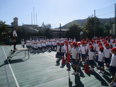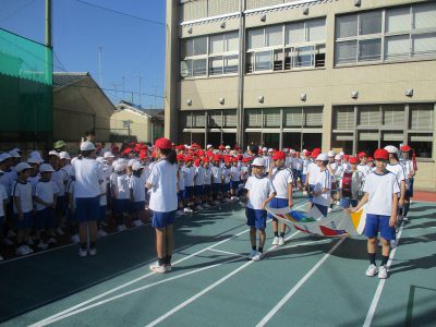 終わりに応援練習と、児童会が考えた競技「ミュージック・チャンス玉入れ」をしました。
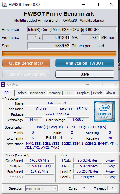 At a frequency of 6405 MHz Core i3-6320 processor is ranked first in HWBot Prime
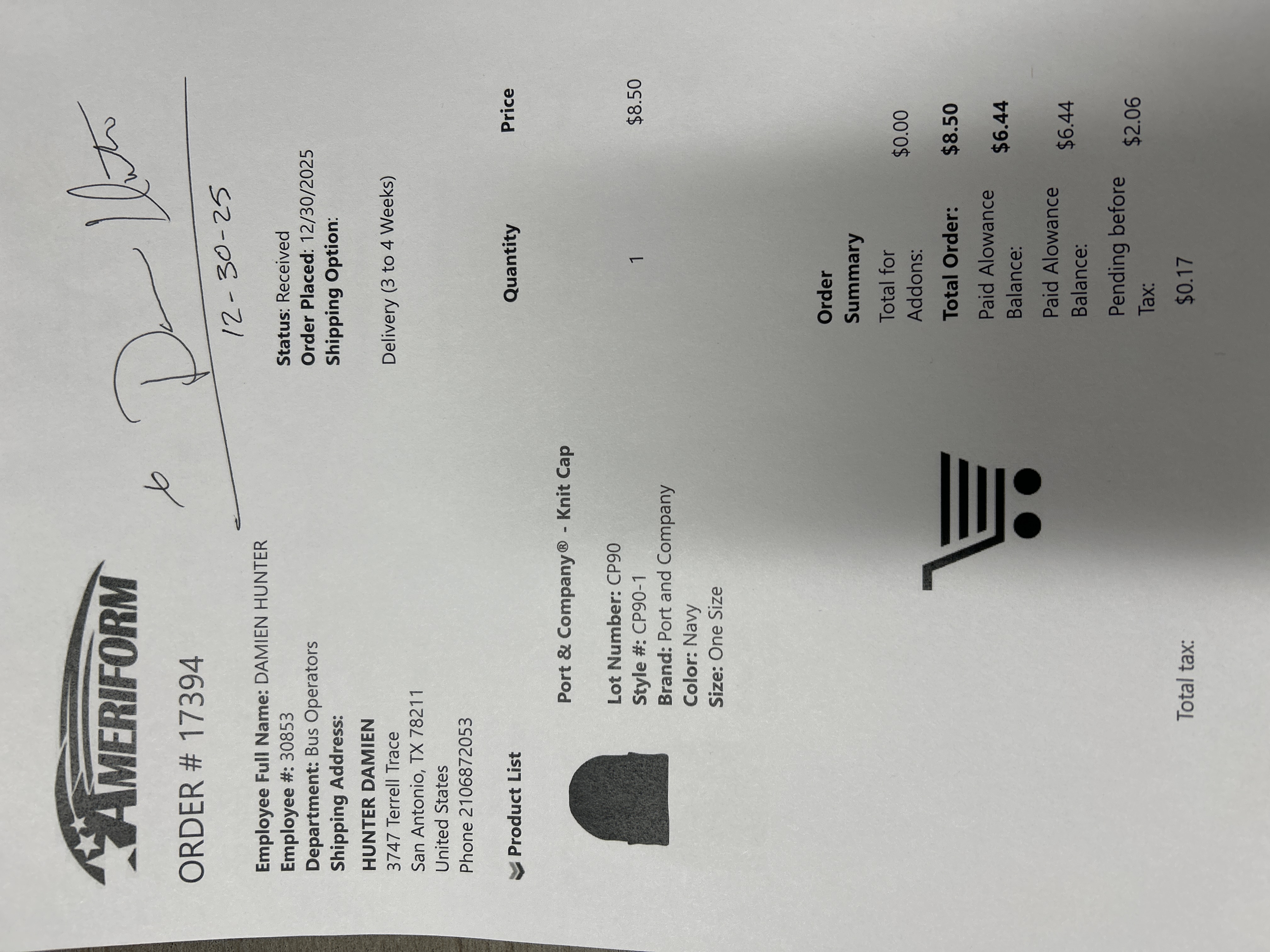 Order # 17394
────────
** Try it **
When you return the listing, keep it exact and omit any pictures it holds.

** Completed exercise **
 終わりに応援練習と、児童会が考えた競技「ミュージック・チャンス玉入れ」をしました。
 At a frequency of 6405 MHz Core i3-6320 processor is ranked first in HWBot Prime
 Order # 17394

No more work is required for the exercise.